[Dataset entries]
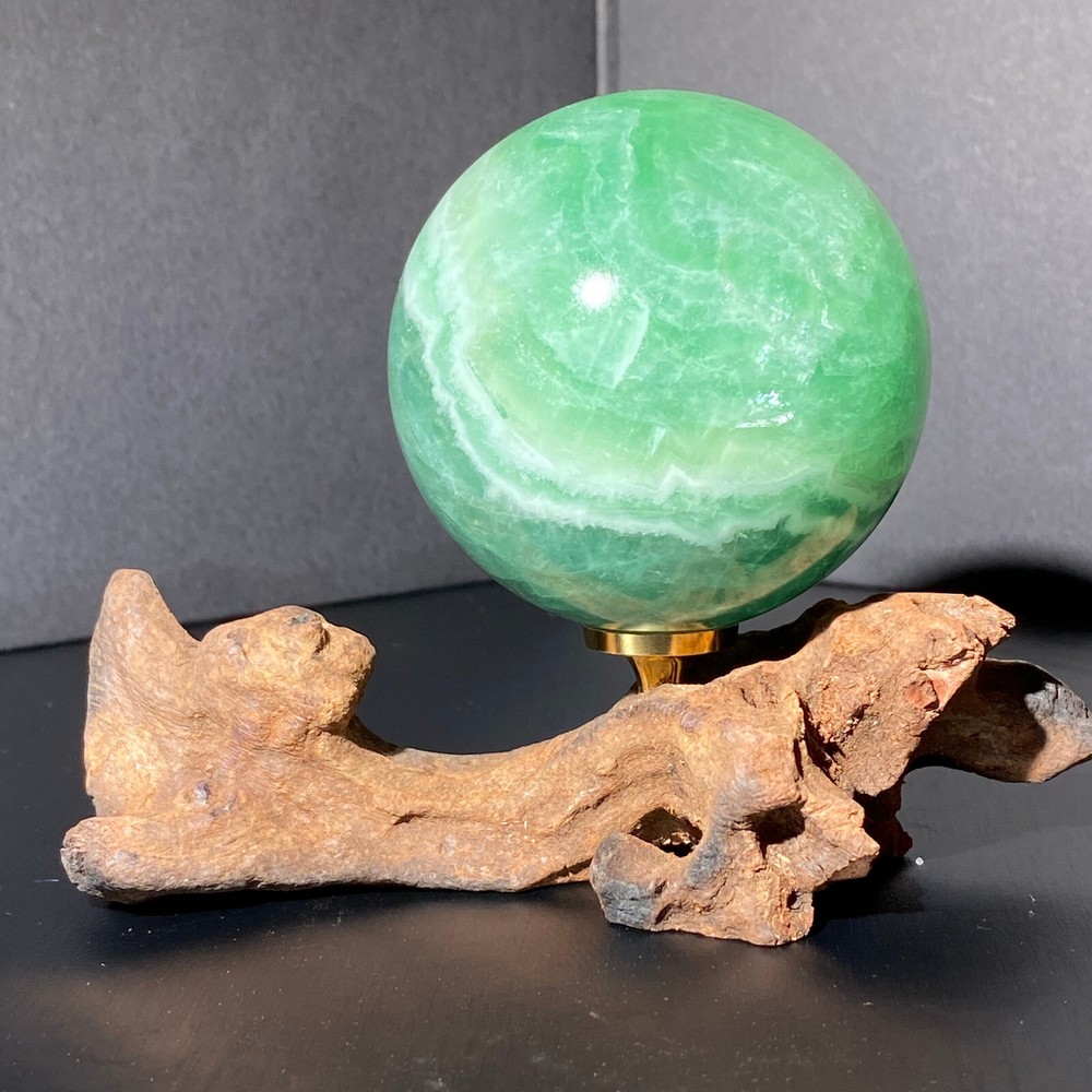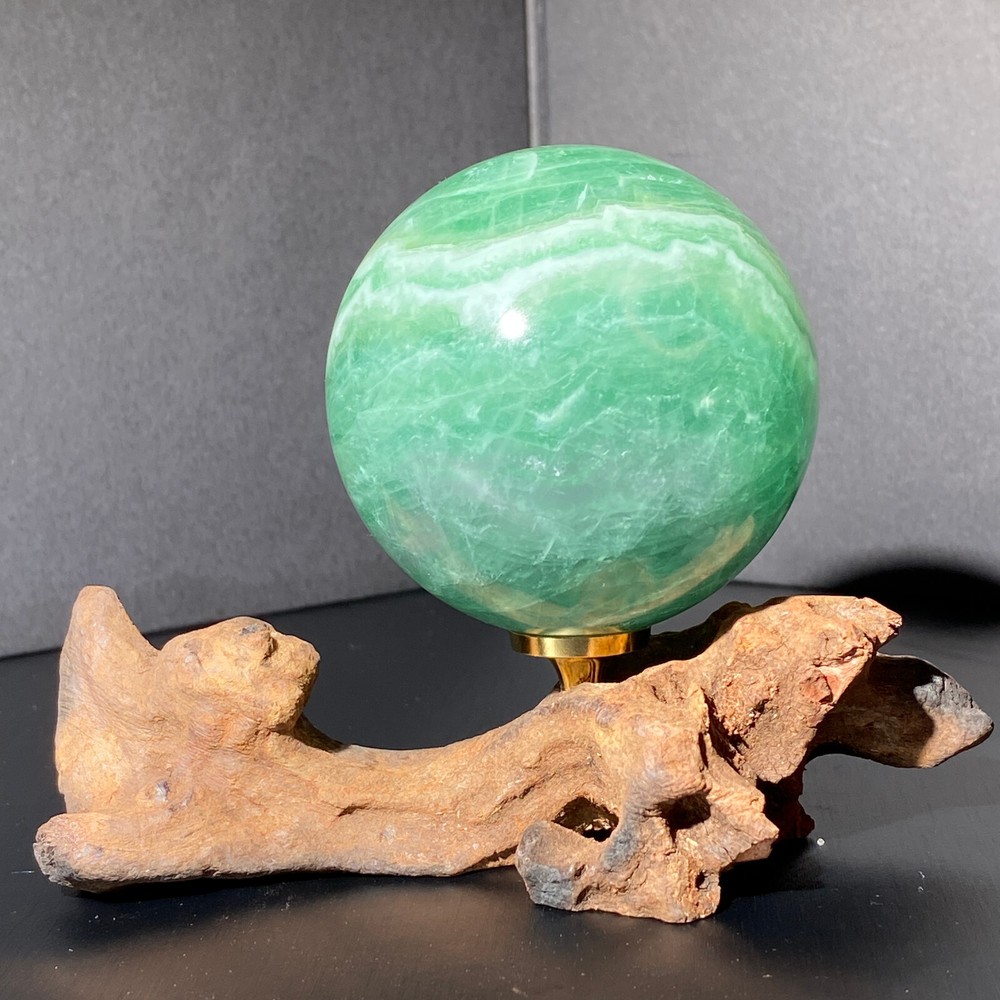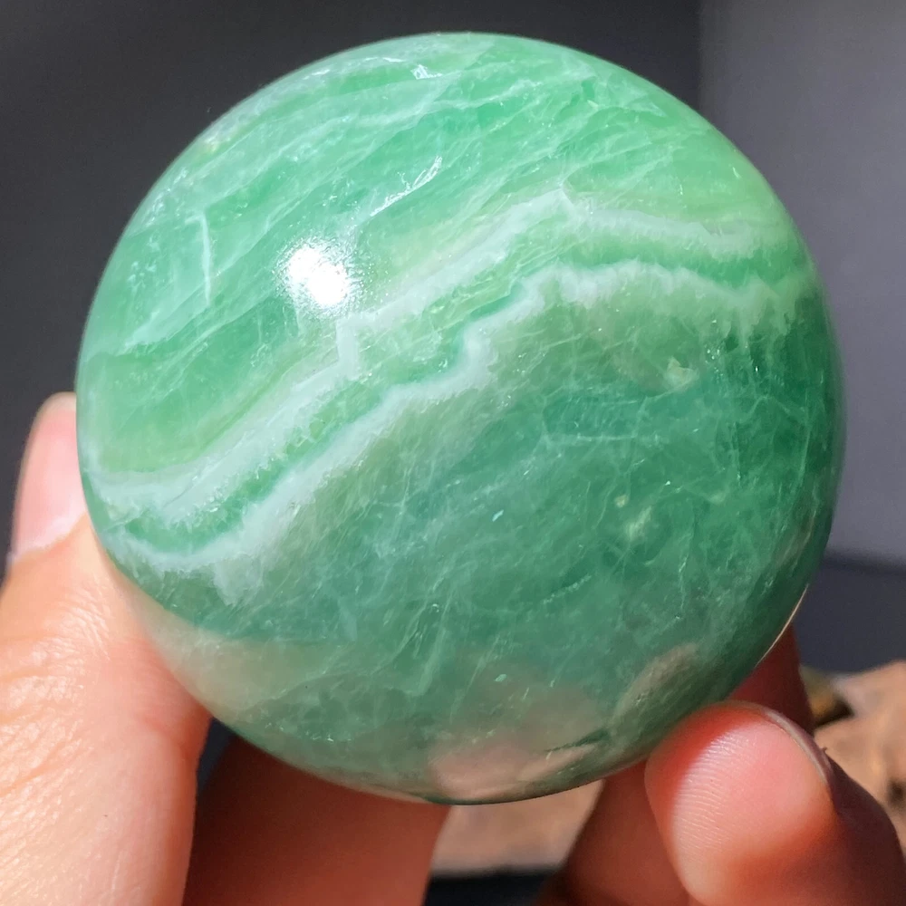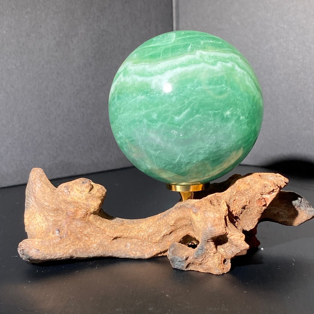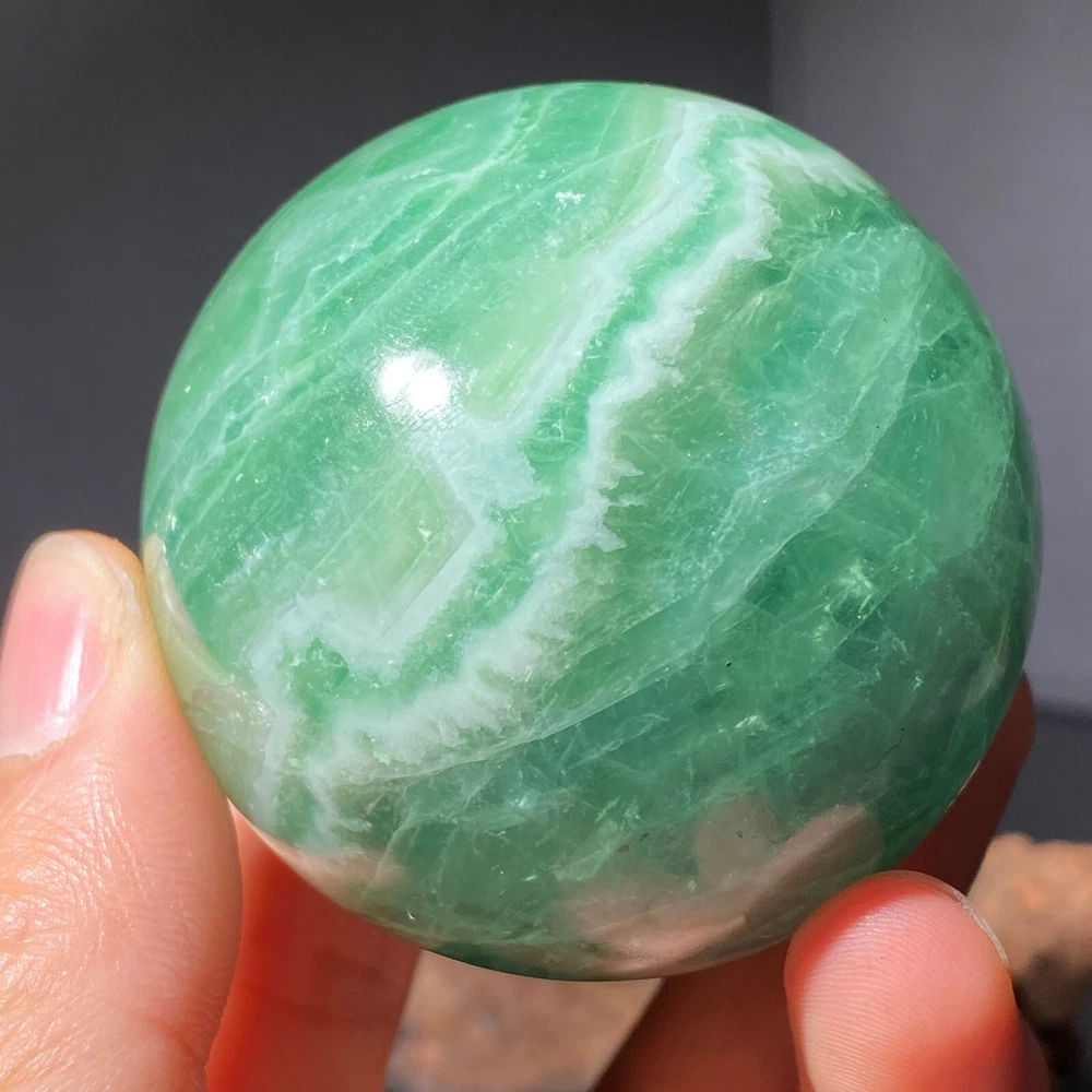 Received exact sphere pictured and described in the listing. An excellent, cleanly shaped stone with a good finish polish. Colors are bold and bright. Even better in hand, than it appeared in its listing photos. Communication with the shop was good. Shipping time from mainland China very acceptable, in light of the distance traveled. Sphere was delivered in good order and perfect condition. Well pleased with my blue/green Turquoise sphere. Good job by this eBay seller.
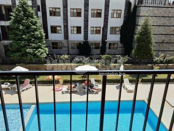 Имотът е с площ от 34 кв.м. , етаж 2. Състои от дневна с кухненски кът, баня с тоалетна и тераса. Напълно обзаведено и оборудвано. Безплатен паркинг за собствениците на комплекса.
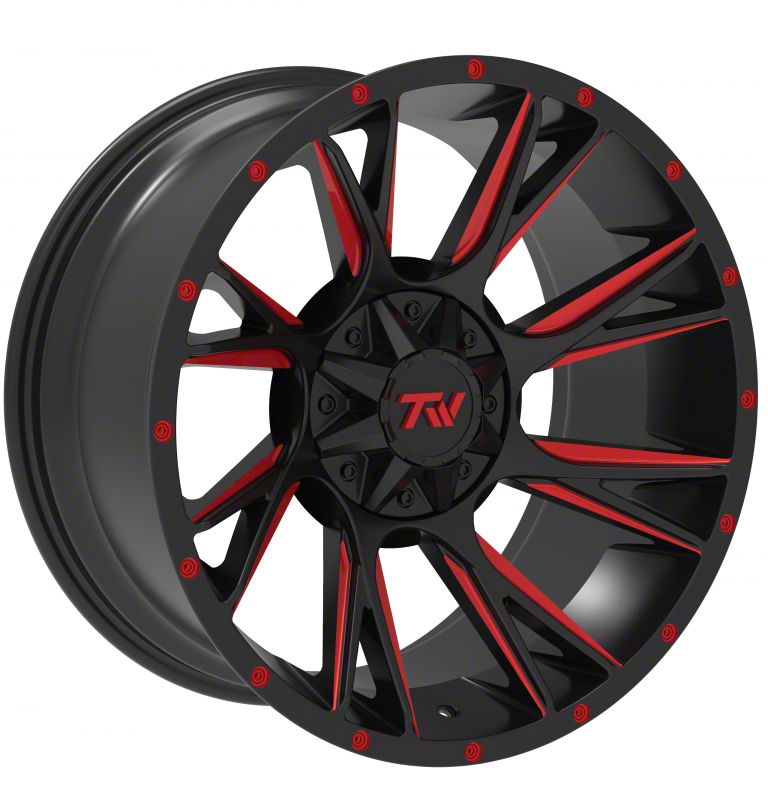 TW Offroad T12 Blade Gloss Black with Red 6-Lug Wheel; 20x10; -12mm Offset delivers a bold and modern aesthetic, ideal for enthusiasts seeking a refined yet assertive look for their vehicle. With its standout design and distinct finish, this wheel enhances the vehicle's visual stance and street presence. The precise craftsmanship and premium aluminum build reflect TW Offroad's dedication to quality and distinctive design. Whether parked or in motion, this wheel draws attention with its clean, aggressive styling.
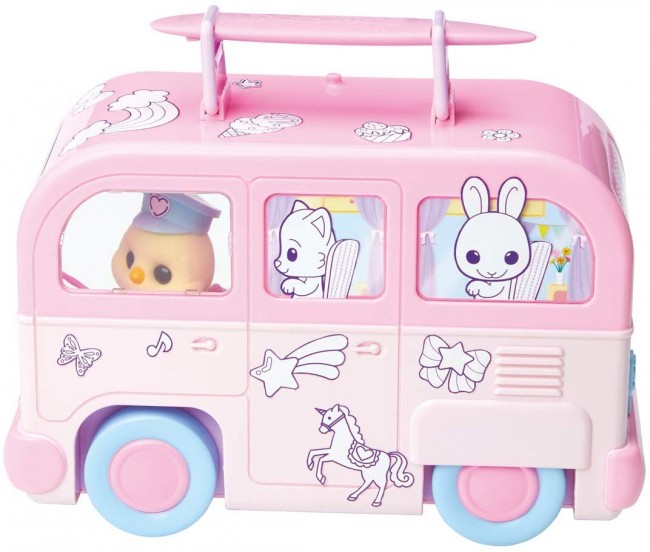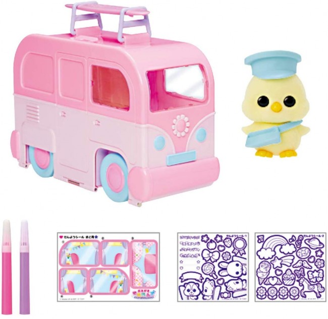 【セット内容】おかたづけバス(サーフボード付き)(1),ひよこ(ぼうしとポシェット付き)(1),細ペン(ピンク、パープル2色各1)(2),せんようシール まど用(1),
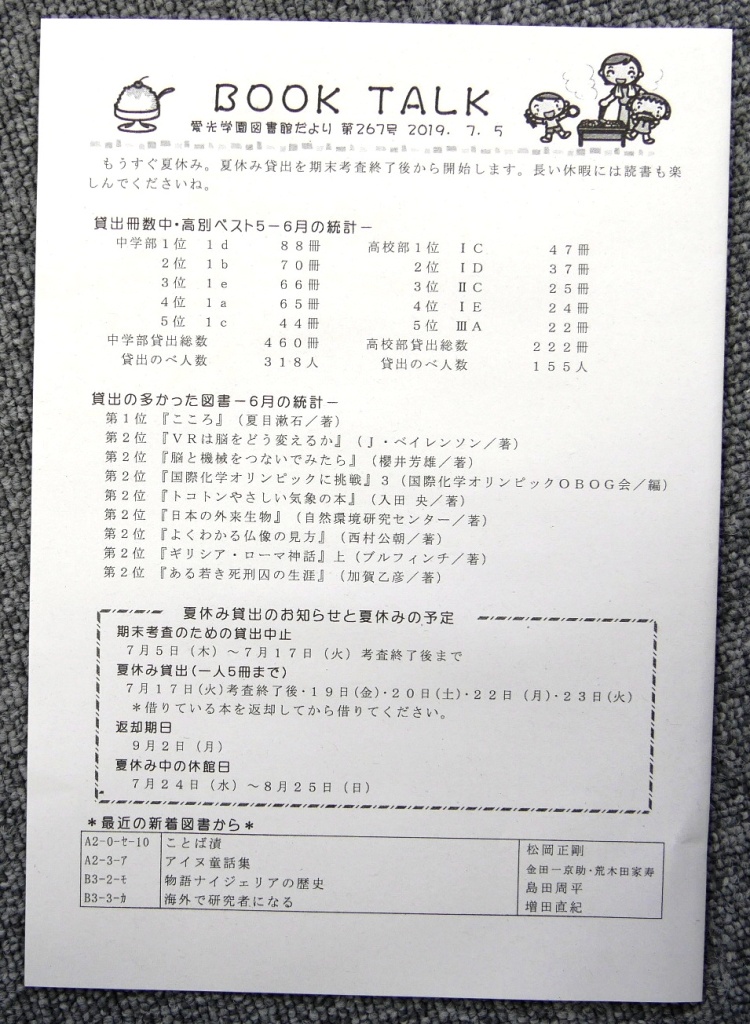 毎月1回、図書館から発行している「BOOK TALK」。「貸出の多かった図書」で第1位が「こころ」(夏目漱石)。
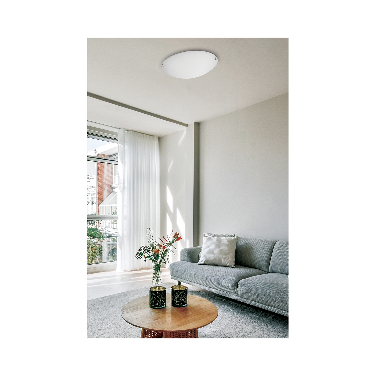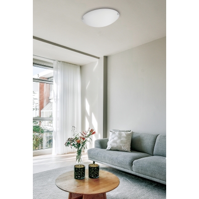 La lámpara de techo David, con cristal blanco satinado y ribete cromado, promete impresionar por su sencillez.
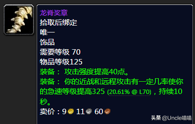 熟悉喵叔的老粉丝应该知道,这款卡拉赞莫罗斯出品的莫罗斯的幸运怀表可是一度是喵叔的怨念所在,也是在不久之前喵叔强势的600G拿下它方才了了心愿堪称美滋滋。其实就怀表本身而言的话收益真的高,特别是对于熊T,后期一般的熊T玩家搭配魔导师平台出品的赞誉就就可以当个排骨人毕业了,躲闪本身熊德要求就高,所以930的均价合情合理值得入手,买不了上当买不了吃亏强势入榜毋庸置疑。
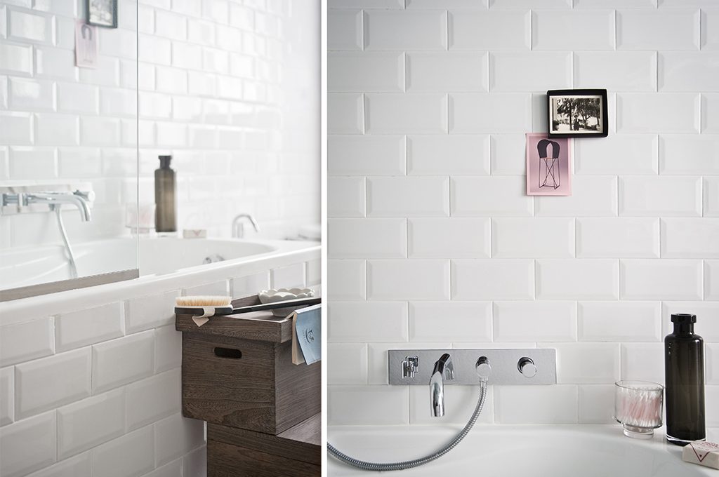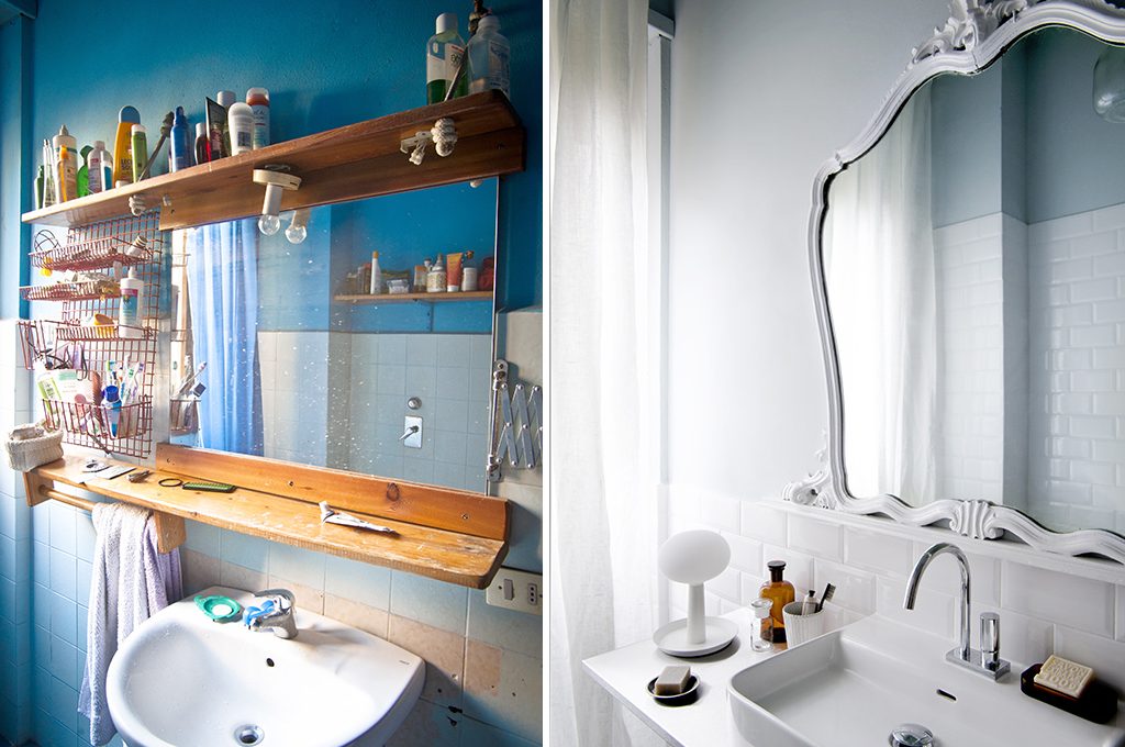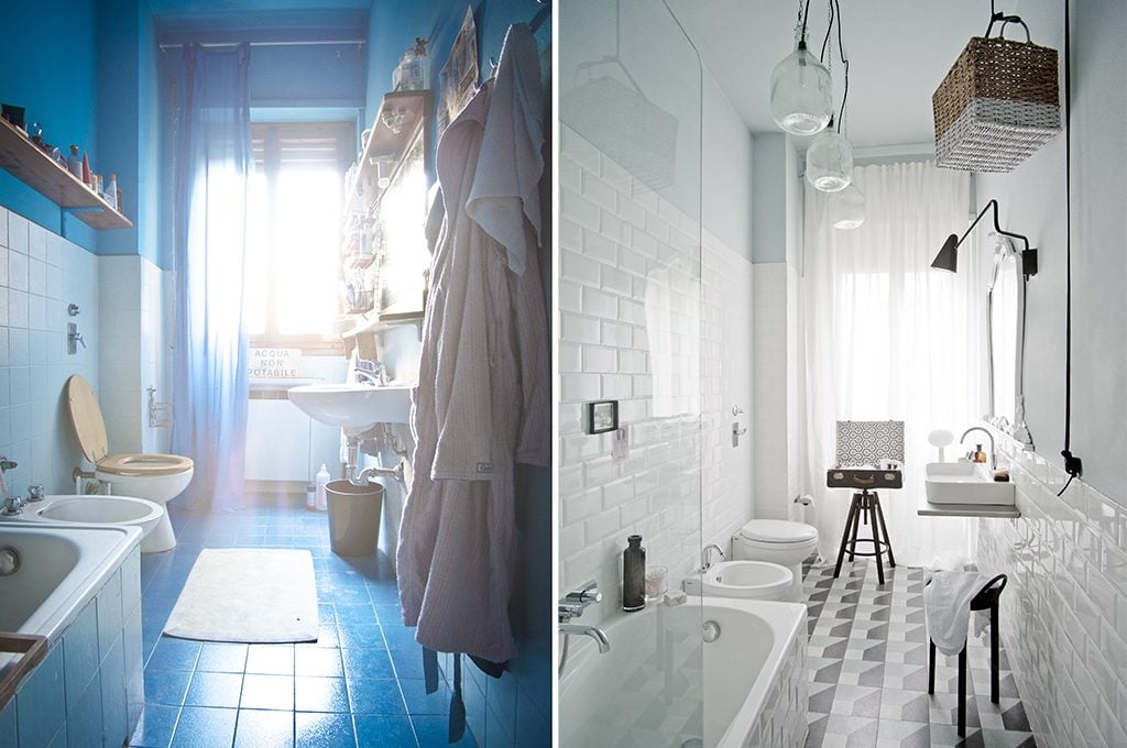 Un bagno nello stato originale risalente agli Anni ’60: un ambiente lungo e stretto, con poca luce e dai colori ‘pesanti’, con vasca e sanitari su un lato e lavandino sull’altro.
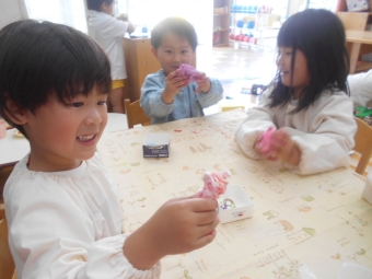 と粘土の感触や色の変化を楽しみ…
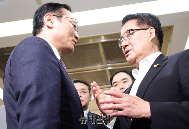 홍영표 더불어민주당 원내대표(왼쪽)와 박지원 민주평화당 의원이 29일 오후 국회에서 대화를 나누고 있다.

WHAT THIS TASK INVOLVES >>
With the pictures excluded, the records are to be reproduced exactly.

EXERCISE ANSWER >>
 Received exact sphere pictured and described in the listing. An excellent, cleanly shaped stone with a good finish polish. Colors are bold and bright. Even better in hand, than it appeared in its listing photos. Communication with the shop was good. Shipping time from mainland China very acceptable, in light of the distance traveled. Sphere was delivered in good order and perfect condition. Well pleased with my blue/green Turquoise sphere. Good job by this eBay seller.
 Имотът е с площ от 34 кв.м. , етаж 2. Състои от дневна с кухненски кът, баня с тоалетна и тераса. Напълно обзаведено и оборудвано. Безплатен паркинг за собствениците на комплекса.
 TW Offroad T12 Blade Gloss Black with Red 6-Lug Wheel; 20x10; -12mm Offset delivers a bold and modern aesthetic, ideal for enthusiasts seeking a refined yet assertive look for their vehicle. With its standout design and distinct finish, this wheel enhances the vehicle's visual stance and street presence. The precise craftsmanship and premium aluminum build reflect TW Offroad's dedication to quality and distinctive design. Whether parked or in motion, this wheel draws attention with its clean, aggressive styling.
 【セット内容】おかたづけバス(サーフボード付き)(1),ひよこ(ぼうしとポシェット付き)(1),細ペン(ピンク、パープル2色各1)(2),せんようシール まど用(1),
 毎月1回、図書館から発行している「BOOK TALK」。「貸出の多かった図書」で第1位が「こころ」(夏目漱石)。
 La lámpara de techo David, con cristal blanco satinado y ribete cromado, promete impresionar por su sencillez.
 熟悉喵叔的老粉丝应该知道,这款卡拉赞莫罗斯出品的莫罗斯的幸运怀表可是一度是喵叔的怨念所在,也是在不久之前喵叔强势的600G拿下它方才了了心愿堪称美滋滋。其实就怀表本身而言的话收益真的高,特别是对于熊T,后期一般的熊T玩家搭配魔导师平台出品的赞誉就就可以当个排骨人毕业了,躲闪本身熊德要求就高,所以930的均价合情合理值得入手,买不了上当买不了吃亏强势入榜毋庸置疑。
 Un bagno nello stato originale risalente agli Anni ’60: un ambiente lungo e stretto, con poca luce e dai colori ‘pesanti’, con vasca e sanitari su un lato e lavandino sull’altro.
 と粘土の感触や色の変化を楽しみ…
 홍영표 더불어민주당 원내대표(왼쪽)와 박지원 민주평화당 의원이 29일 오후 국회에서 대화를 나누고 있다.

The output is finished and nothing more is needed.